The general rule for the determination of damages to personal property is that the owner shall receive fair and reasonable compensation for the injuries sustained by him. It is the general rale in most jurisdictions that, where an automobile is injured, but not totally destroyed, the measure of damages usually adopted is the difference between the market value before the injury and the market value immediately after the injury. Also, the reasonable value of repairs to an injured automobile is frequently considered the proper measure of damages for the injury. As said in Lonnecker v. Van Patten (Iowa), 179 N. W. 432 (not officially reported) :

“Ordinarily, there would not be any material difference between the value before and after it [an automobile] was injured, and the actual cost of the repairs required to return it to its former condition: that is, the difference in value before and after would be the amount that it would cost to repair it and return it to its former condition.”

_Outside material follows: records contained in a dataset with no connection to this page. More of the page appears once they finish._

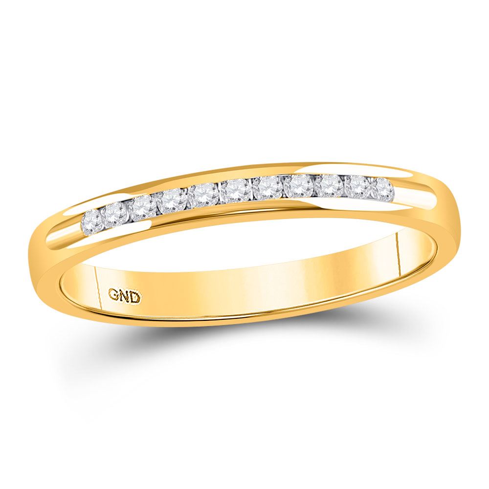 14kt Yellow Gold Womens Machine Set Round Diamond Wedding Channel Band 1/10 Cttw
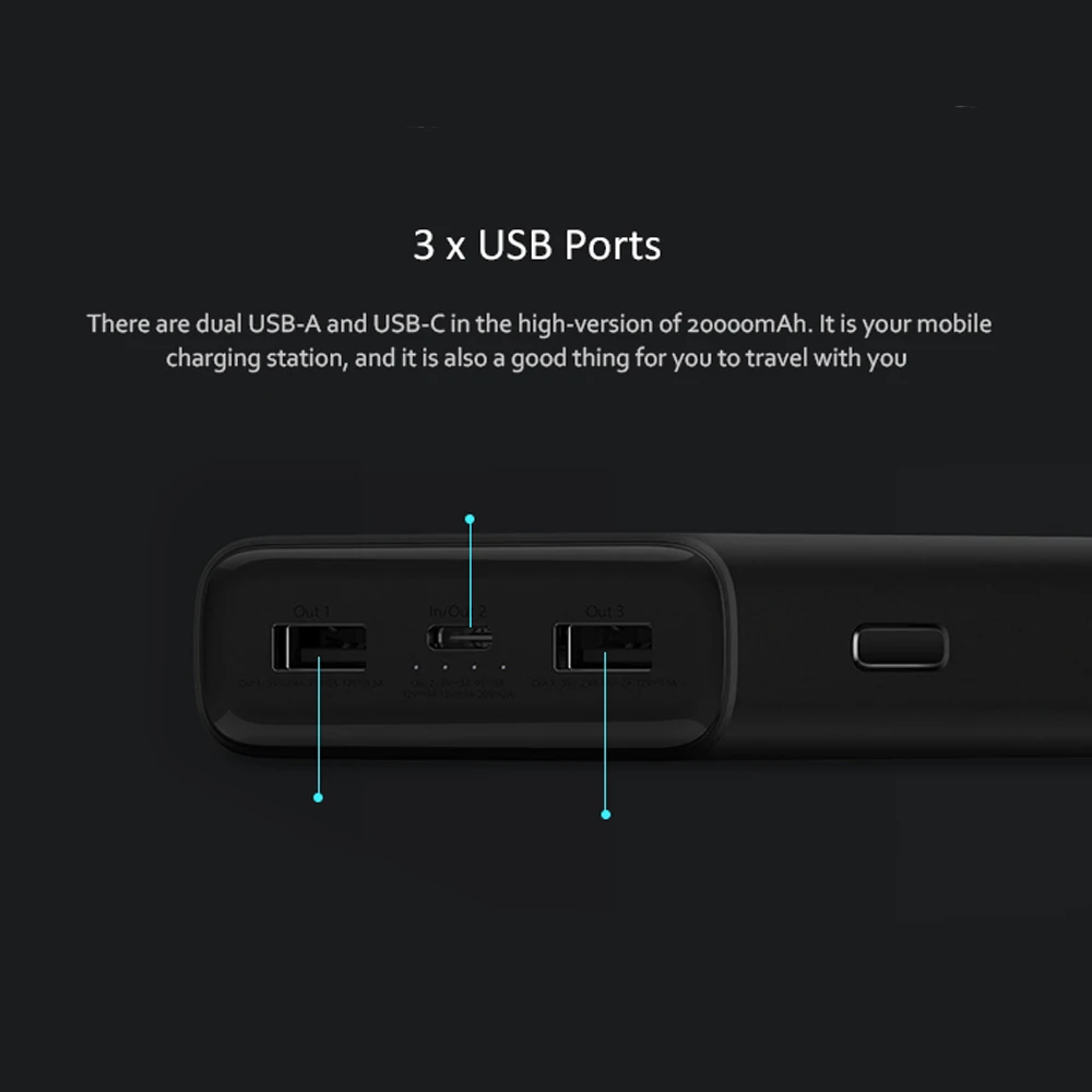 Best Xiaomi Power Bank 3 20000mAh Mi Powerbank PLM07ZM USB-C 45W Portable Charger Dual USB Powerbank for
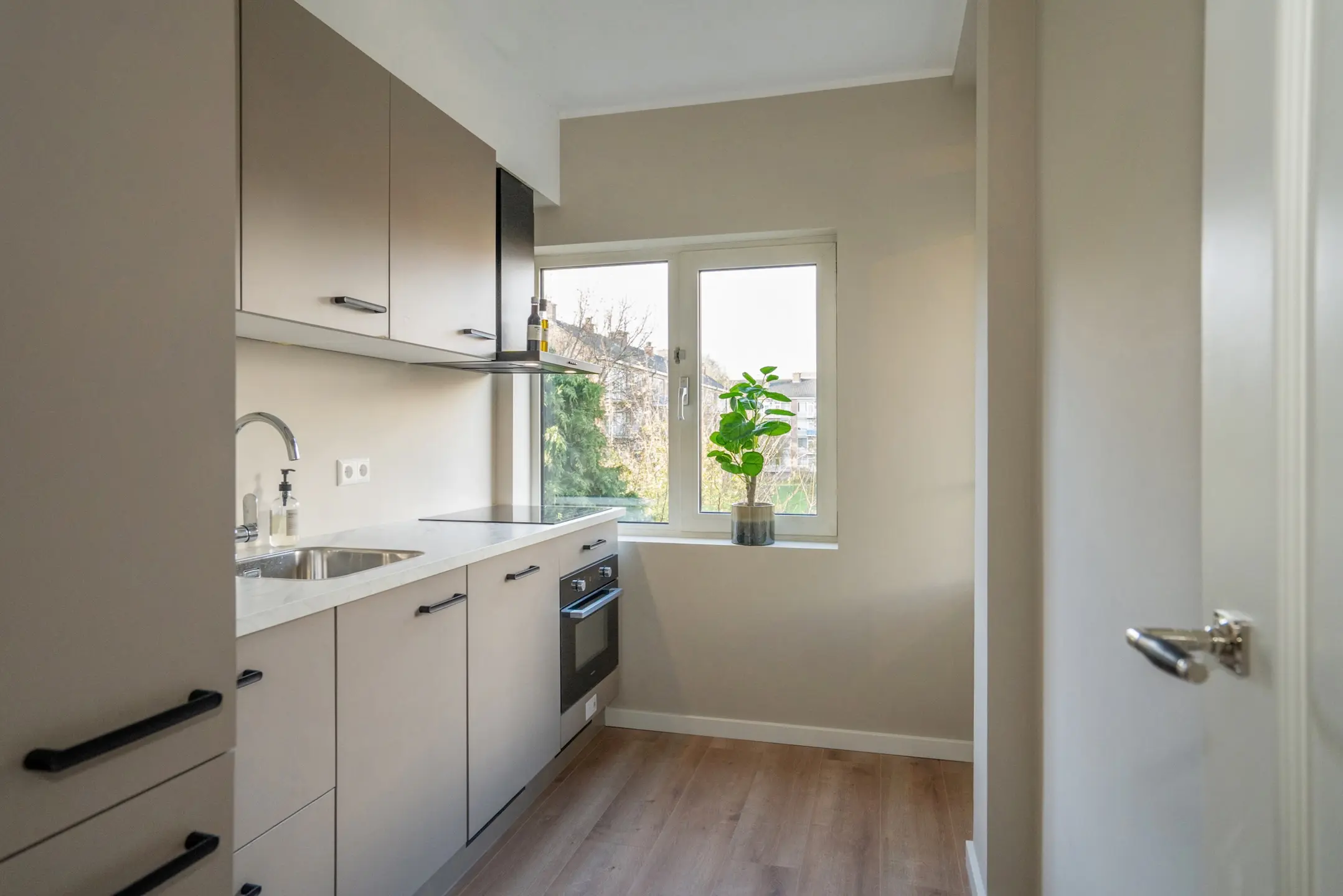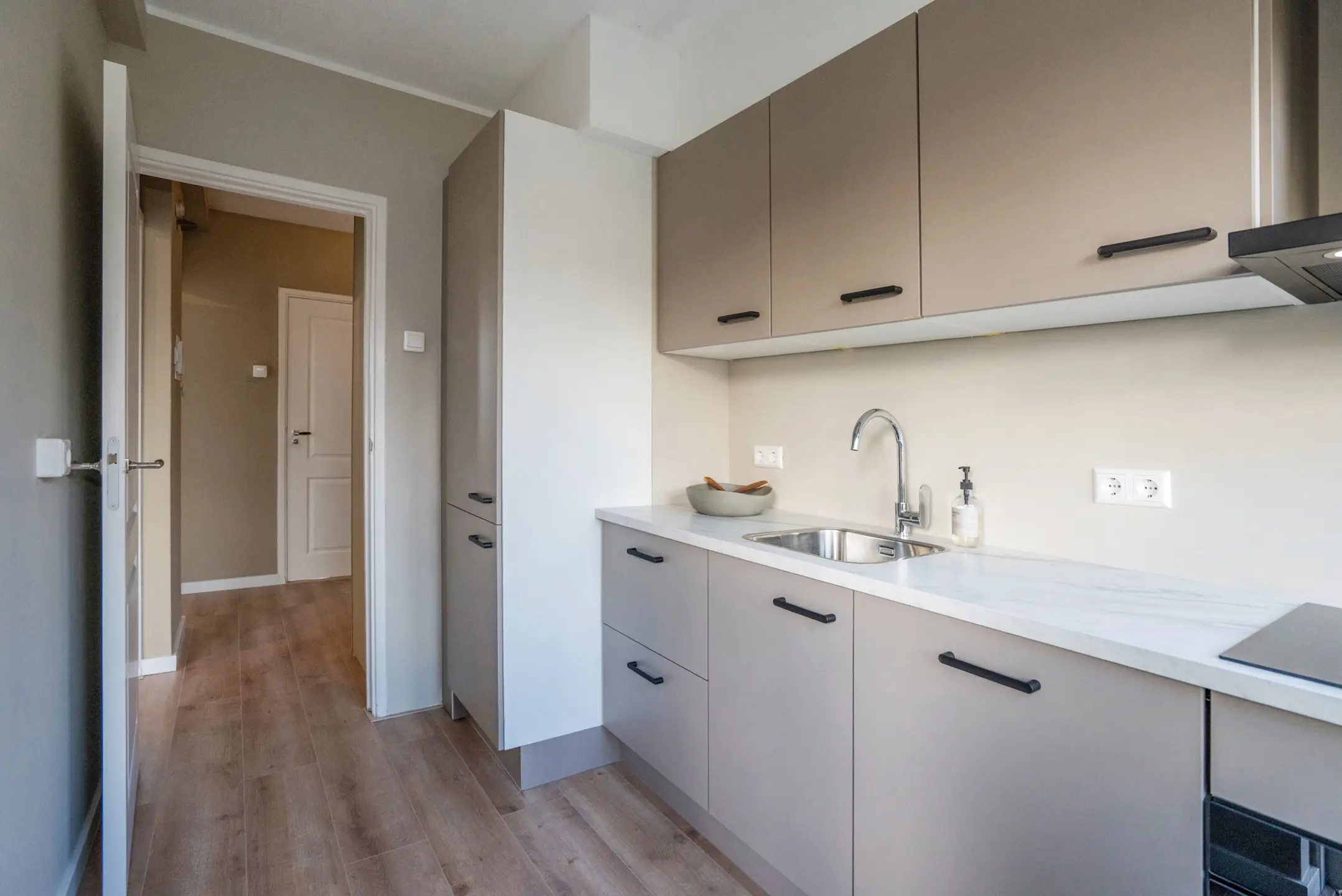Moderne keuken (2025), smaakvol ingericht met moderne kasten en een stijlvol werkblad. Voorzien van diverse inbouwapparatuur waaronder een koelkast/vriezer, combimagnetron, 4-pits gasfornuis met afzuigkap, vaatwasser en spoelbak met mengkraan.
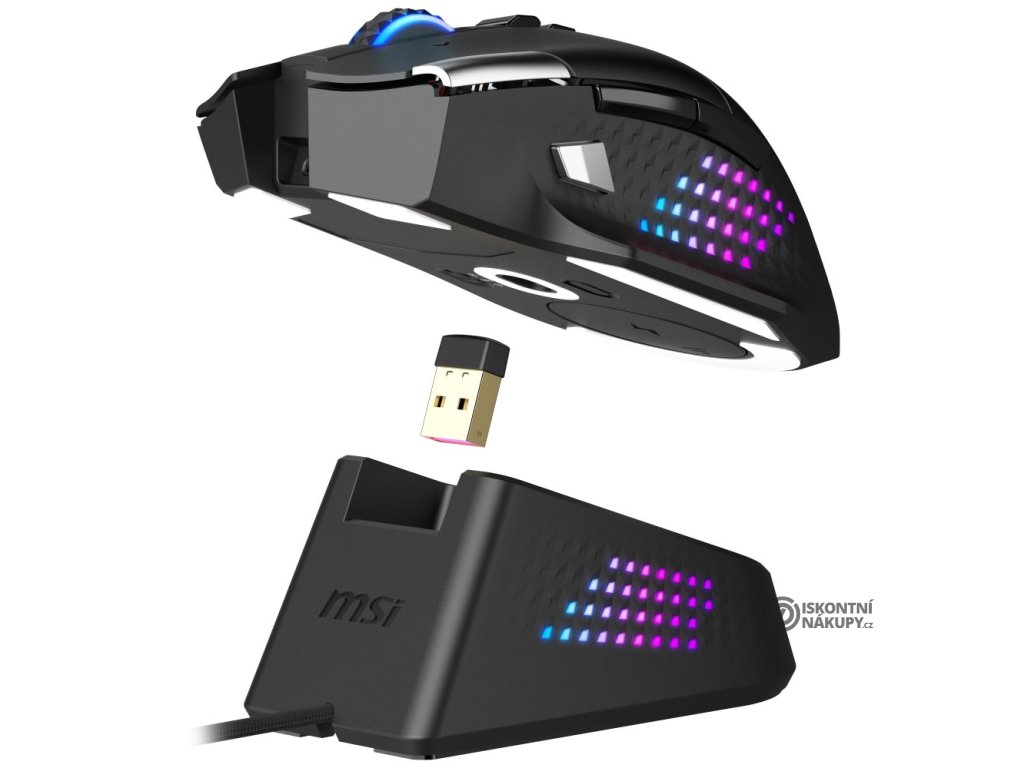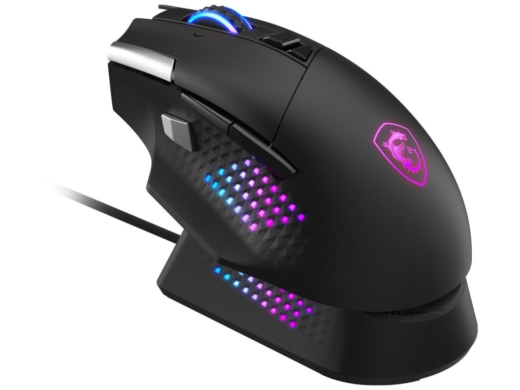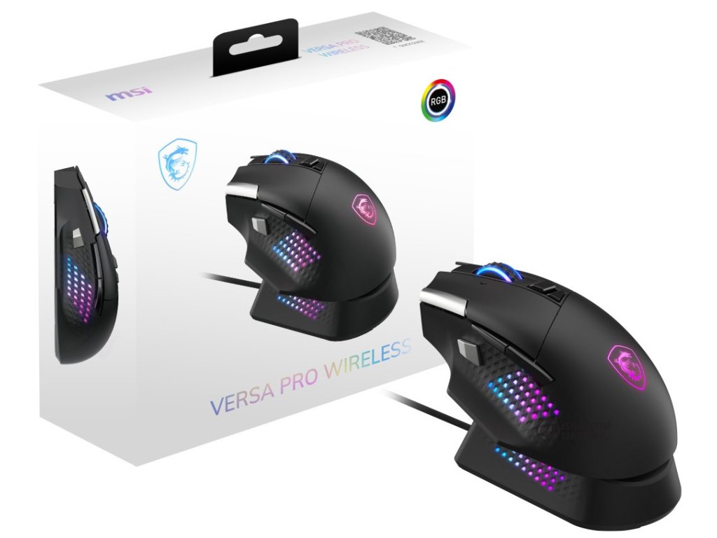 MSI herní myš VERSA PRO Wireless + Mouse Dock PRO/ bezdrátová/ 26.000 dpi/ 2,4GHz/ BT5.3/ USB/ RGB/ 15 tlačítek S12-4301370-CLA
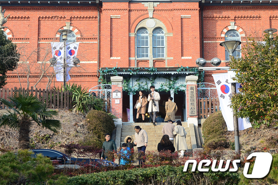 전남 목포시 대의동 목포근대역사관 1관 앞이 관광객들로 북적이고 있다. 1관은 일제강점기 일본영사관으로 쓰였고, 최근 한 드라마 촬영지로 알려지며 관광객 발길이 끊이지 않고 있다.© 뉴스1
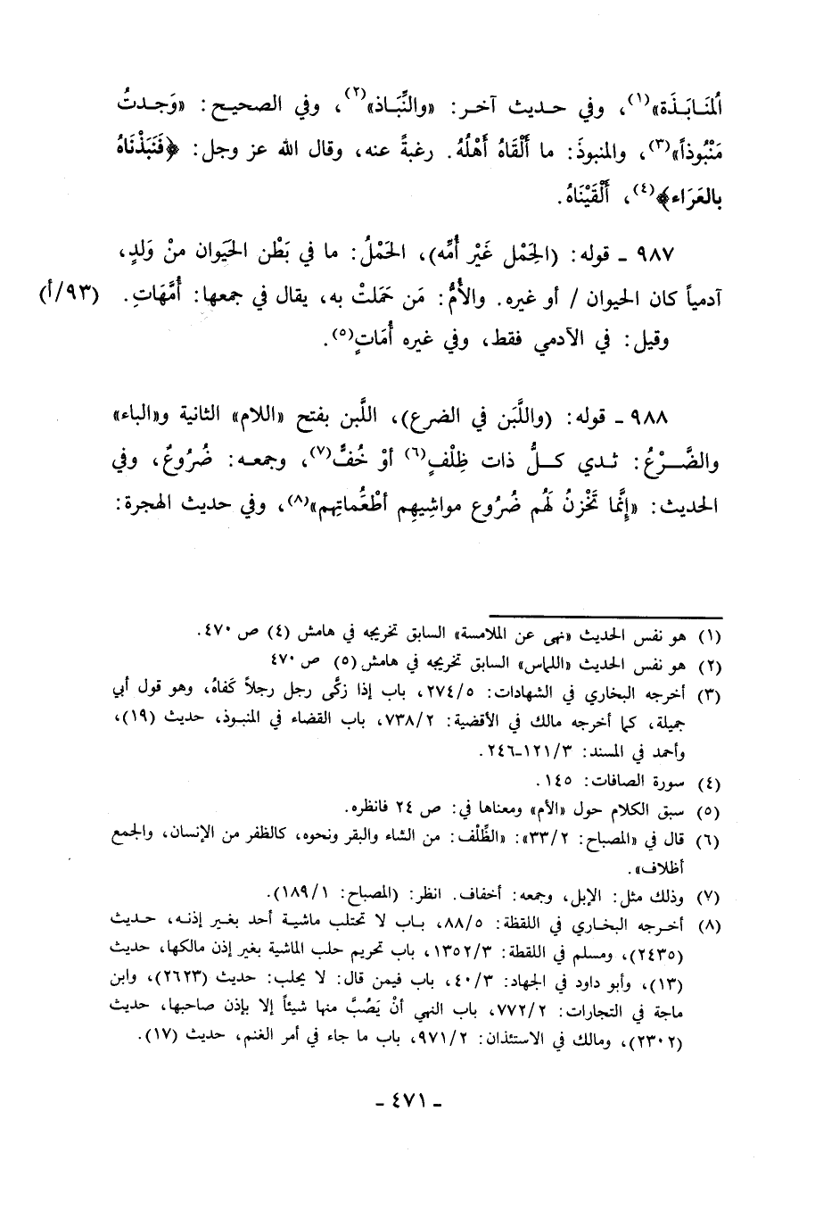 988 - قوله: (واللَّبَن في الضرع)، اللَّبن بفتح "اللام" الثانية و"الباء" والضَّرْعُ: ثدي كلُّ ذات ظِلْفٍ (¬6) أوْ خُفًّ (¬7)، وجمعه: ضرُوعٌ، وفي الحديث: "إِنَّما تَخْزنُ لَهم ضُرُوع مواشيهِم أطْعُماتِهم" (¬8)، وفي حديث الهجرة:

Conflicting decisions have been made in different jurisdictions when, by reason of an injury to plaintiff’s automobile, he is deprived of the use thereof for some time, as to the damages which he shall be allowed, to compensate him for such loss. The Kentucky court holds that the owner of a commercial truck or machine is entitled to recover, as an element of his compensatory damages, the usable value of the truck during the time reasonably necessary for repair, when he is unable to use the same. Southern Railway v. Kentucky Grocery Co., 166 Ky. 94 (178 S. W. 1162).